Assigned task: Would you please set down the data again exactly as given, excluding the pictures?

Data for the task:
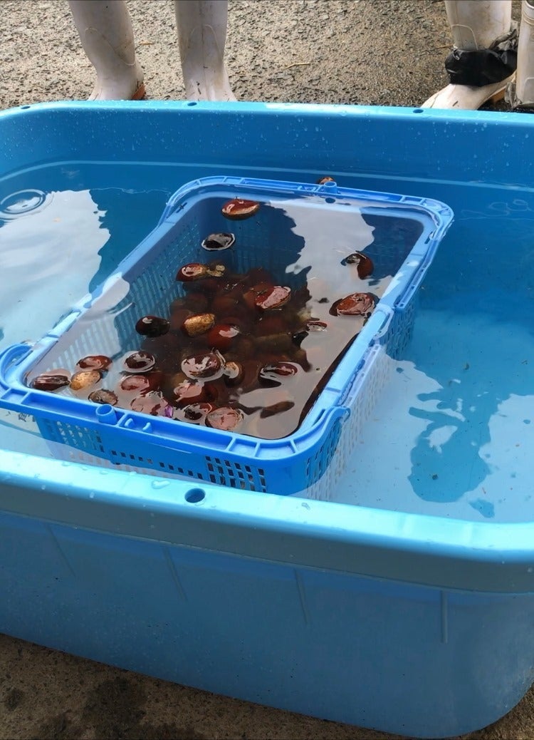 小さなプールに栗を入れ、浮いた栗は取り除き沈んだデンプンがしっかり詰まった重たいものだけをまず最初に選びます。
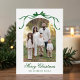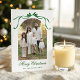 Skicka festive hälsning med det här eleganten julkort med en grönt och ett band med vattenfärg. Framsidan högdagrar ett favoritfoto i ett bågformat ram som är accentuerat av den handmålade bågen, medan baksidan innehåller en trefoto-kollage-layout för att visa fler helgdag. Anpassa med ditt namn och meddelande om du vill skapa ett tidslöst julkort som blandar klassiskt stil med ett modernt multifotoformat.
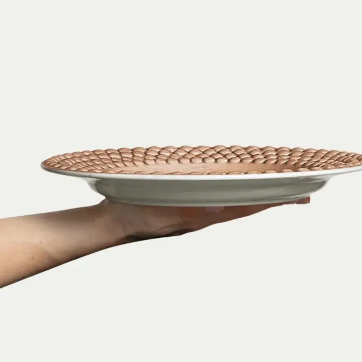 Mateus Bubbles tallerken 28cm i Cinnamon. Den lekne boblemønsteret fra Mateus Bubbles-kolleksjon pryder kantene på denne karakteristiske tallerkenen – perfekt både til festlige anledninger og til hverdagsbruk.
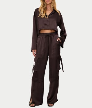 - Relax in this comfortable satin cropped lounge top
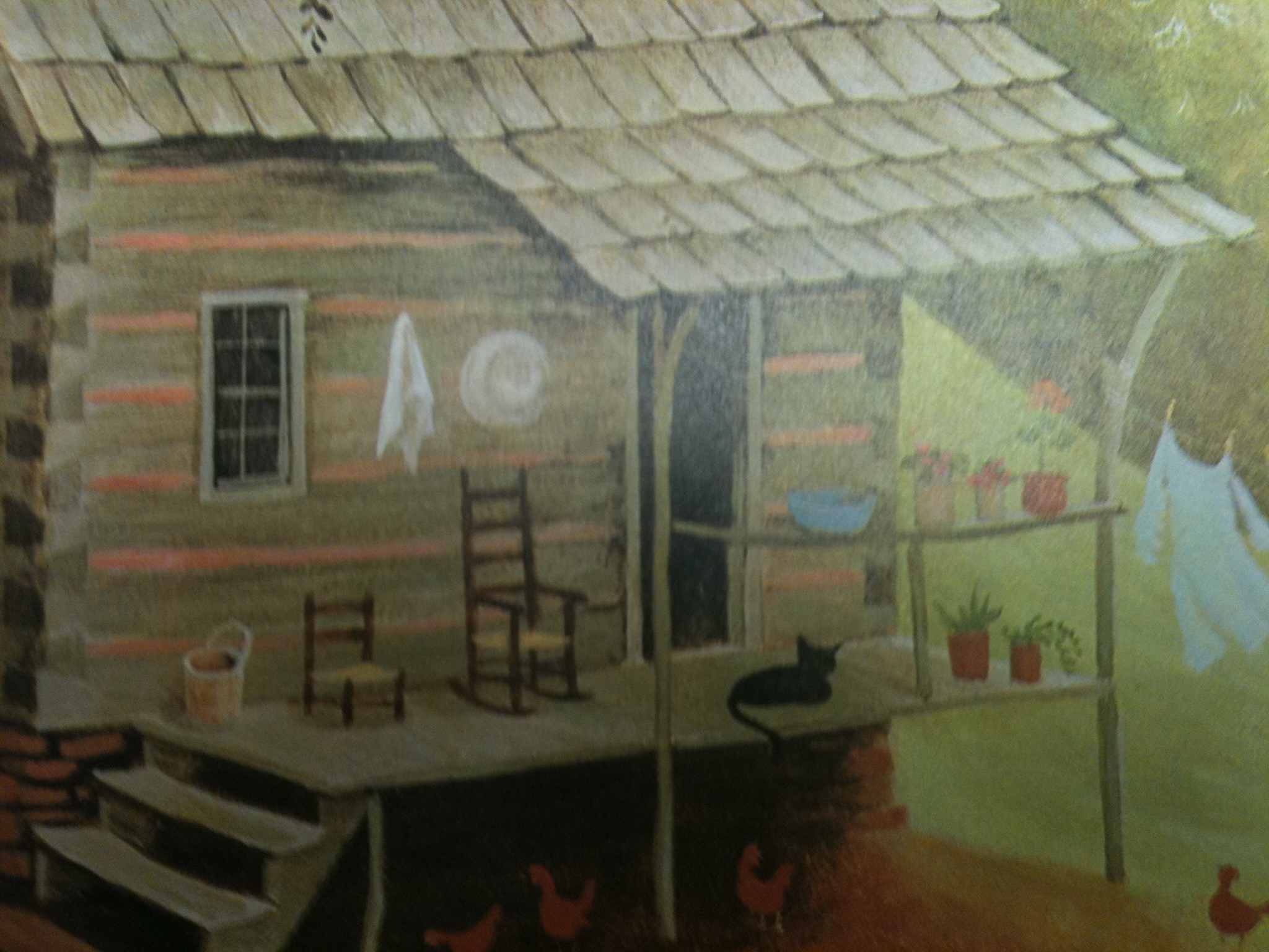 Rocking chairs, cats, and chickens scratching in the yard.
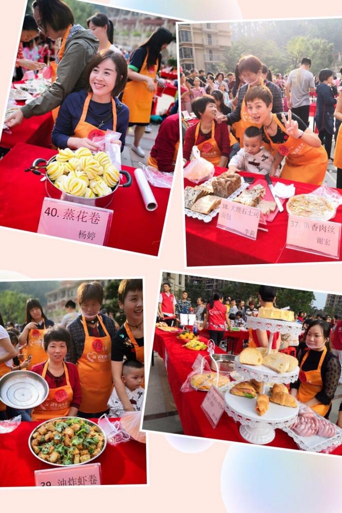 戚风蛋糕、可乐鸡翅、双馅韭菜盒子、全家福、蜂糖鸭、沙姜鸡、欧包……各式各样色彩味俱全的美味佳肴一盘盘汇聚在金湖社区第三届美食节的餐桌上,大家欢聚一堂、谈笑风生,现场居民参与热情高涨。
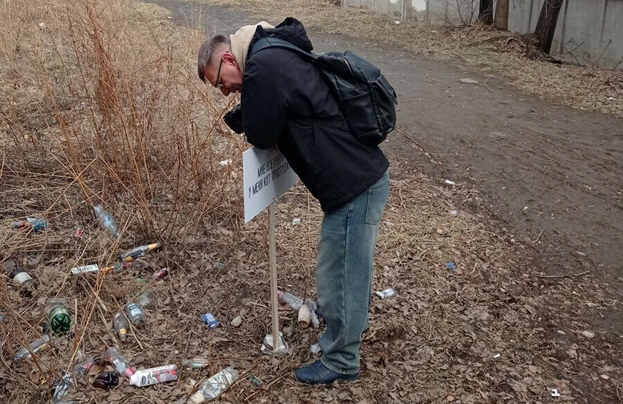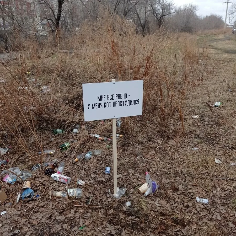 В Благовещенске, на пересечении улиц Шимановского и Красноармейской творческая группа города-галереи «Сигналы» временно установила ироничную табличку с надписью: «Мне все равно – у меня кот простудился».
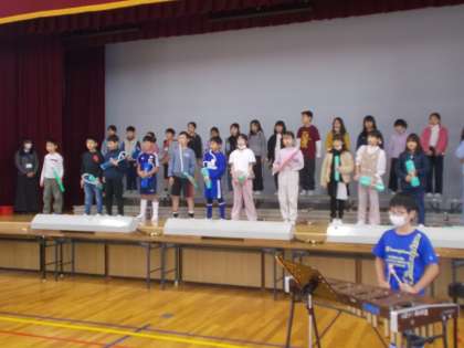 シンフォニールームでの練習とまた違い、体育館で声や音を響かせるにはどうしたらいいのかを考えながら発声や楽器の演奏に取り組みました。
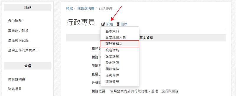 管理者從職能頁面,進入特定職務的「職務說明書」,點擊下拉選單「設定 / 職務資料夾」。
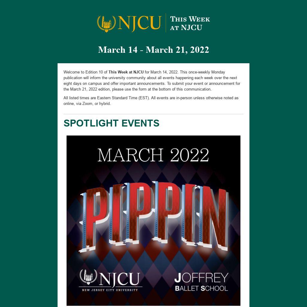 Welcome to Edition 10 of This Week at NJCU for March 14, 2022. This once-weekly Monday publication will inform the university community about all events happening each week over the next eight days on campus and offer important announcements. To submit your event or announcement for the March 21, 2022 edition, please use the form at the bottom of this communication.
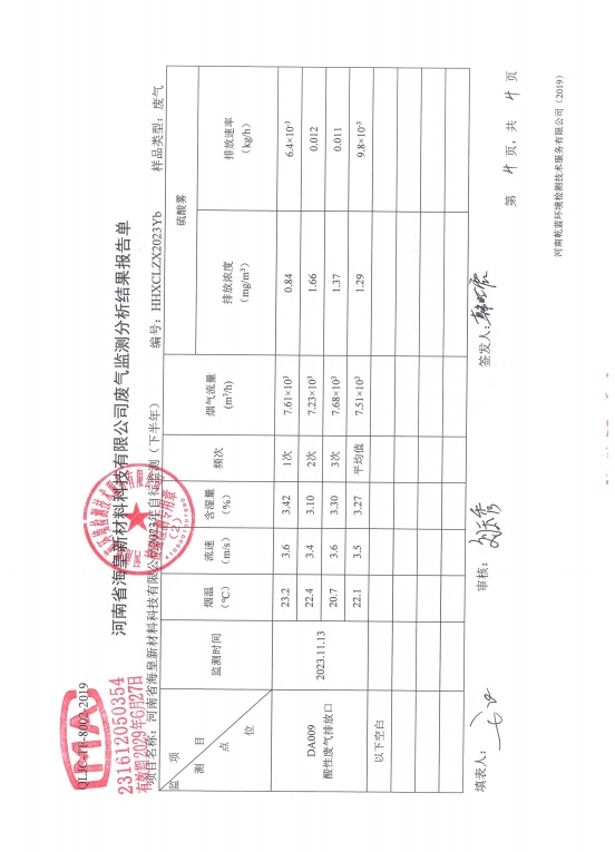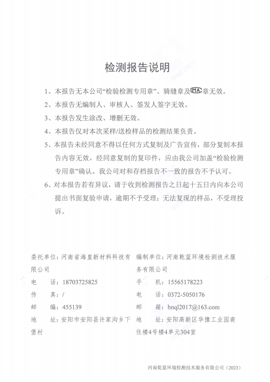 河南省海皇新材料科技有限公司2023年度危險(xiǎn)廢物信息一覽表
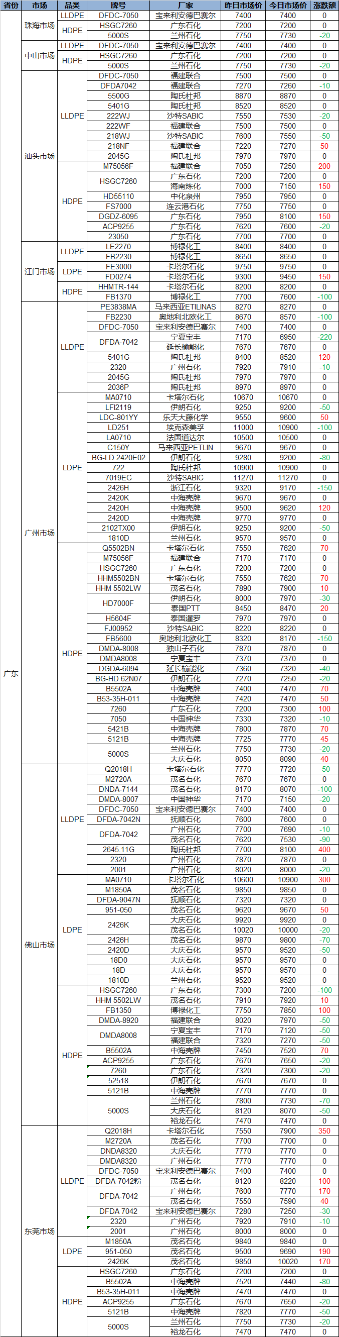 Today PP and PE Prices in Guangdong Show Mixed Trends! PP Prices Fluctuate Between Increase and Decrease of 10-220, PE Sees Highest Increase of 400
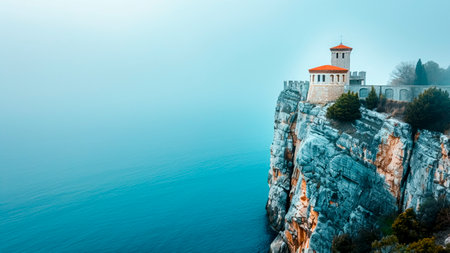 Ancient Monastery on a Cliff Overlooking the Sea. Historic Landmark, Serene Landscape, Spiritual Retreat, Copyspace.
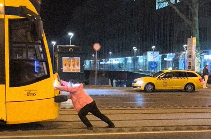 Ehelyett egy magyar, valamiért zakkant férfi a Nyugatinál a villamos elé állt. Maga sem tudja, miért.
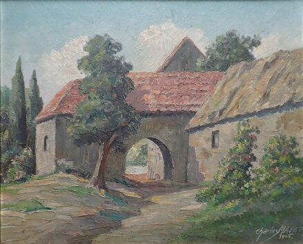Obraz - Vesnický statek. Signován a datován vpravo dole - viz foto. Autorem je vyhledávaný akademický malíř Charles Mayer. Tento malíř dokáže na svých obrazech úžasně zachytit krásu okamžiku.
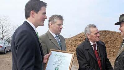 Die Kompostbetreiber des Landkreises Kronach erhielten am Dienstagvormittag auf dem Kompostplatz in Posseck von der Bundesgütegemeinschaft Kompost (BGK) e.V. das "RAL-Gütezeichen Kompost". Somit haben die Kompostbetreiber den Nachweis zur Durchführung der Qualitätssicherung von Dünge- und Bodenverbesserungsmitteln aus Recyclingprozessen der Kreislaufwirtschaft.
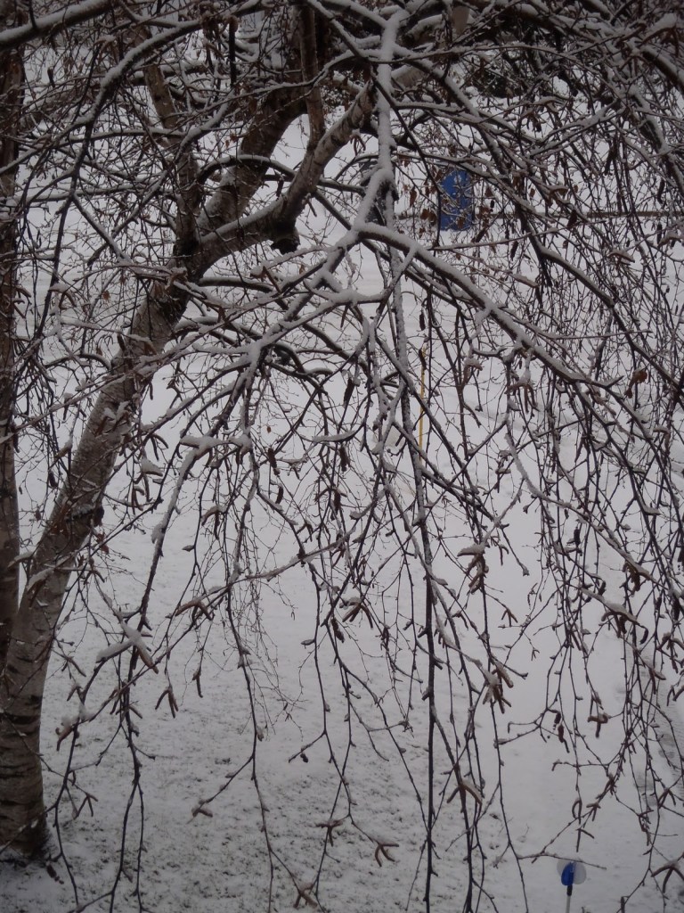 Quand j’ai rentré les paquets, l’arbre en face de chez nous a choisi ce moment pour se débarrasser de sa neige mouillée. Oups! Brr! Alors j’ai éclaté de rire. C’est Noël après tout!

Reply to the task:
 小さなプールに栗を入れ、浮いた栗は取り除き沈んだデンプンがしっかり詰まった重たいものだけをまず最初に選びます。
 Skicka festive hälsning med det här eleganten julkort med en grönt och ett band med vattenfärg. Framsidan högdagrar ett favoritfoto i ett bågformat ram som är accentuerat av den handmålade bågen, medan baksidan innehåller en trefoto-kollage-layout för att visa fler helgdag. Anpassa med ditt namn och meddelande om du vill skapa ett tidslöst julkort som blandar klassiskt stil med ett modernt multifotoformat.
 Mateus Bubbles tallerken 28cm i Cinnamon. Den lekne boblemønsteret fra Mateus Bubbles-kolleksjon pryder kantene på denne karakteristiske tallerkenen – perfekt både til festlige anledninger og til hverdagsbruk.
 - Relax in this comfortable satin cropped lounge top
 Rocking chairs, cats, and chickens scratching in the yard.
 戚风蛋糕、可乐鸡翅、双馅韭菜盒子、全家福、蜂糖鸭、沙姜鸡、欧包……各式各样色彩味俱全的美味佳肴一盘盘汇聚在金湖社区第三届美食节的餐桌上,大家欢聚一堂、谈笑风生,现场居民参与热情高涨。
 В Благовещенске, на пересечении улиц Шимановского и Красноармейской творческая группа города-галереи «Сигналы» временно установила ироничную табличку с надписью: «Мне все равно – у меня кот простудился».
 シンフォニールームでの練習とまた違い、体育館で声や音を響かせるにはどうしたらいいのかを考えながら発声や楽器の演奏に取り組みました。
 管理者從職能頁面,進入特定職務的「職務說明書」,點擊下拉選單「設定 / 職務資料夾」。
 Welcome to Edition 10 of This Week at NJCU for March 14, 2022. This once-weekly Monday publication will inform the university community about all events happening each week over the next eight days on campus and offer important announcements. To submit your event or announcement for the March 21, 2022 edition, please use the form at the bottom of this communication.
 河南省海皇新材料科技有限公司2023年度危險(xiǎn)廢物信息一覽表
 Today PP and PE Prices in Guangdong Show Mixed Trends! PP Prices Fluctuate Between Increase and Decrease of 10-220, PE Sees Highest Increase of 400
 Ancient Monastery on a Cliff Overlooking the Sea. Historic Landmark, Serene Landscape, Spiritual Retreat, Copyspace.
 Ehelyett egy magyar, valamiért zakkant férfi a Nyugatinál a villamos elé állt. Maga sem tudja, miért.
Obraz - Vesnický statek. Signován a datován vpravo dole - viz foto. Autorem je vyhledávaný akademický malíř Charles Mayer. Tento malíř dokáže na svých obrazech úžasně zachytit krásu okamžiku.
 Die Kompostbetreiber des Landkreises Kronach erhielten am Dienstagvormittag auf dem Kompostplatz in Posseck von der Bundesgütegemeinschaft Kompost (BGK) e.V. das "RAL-Gütezeichen Kompost". Somit haben die Kompostbetreiber den Nachweis zur Durchführung der Qualitätssicherung von Dünge- und Bodenverbesserungsmitteln aus Recyclingprozessen der Kreislaufwirtschaft.
 Quand j’ai rentré les paquets, l’arbre en face de chez nous a choisi ce moment pour se débarrasser de sa neige mouillée. Oups! Brr! Alors j’ai éclaté de rire. C’est Noël après tout!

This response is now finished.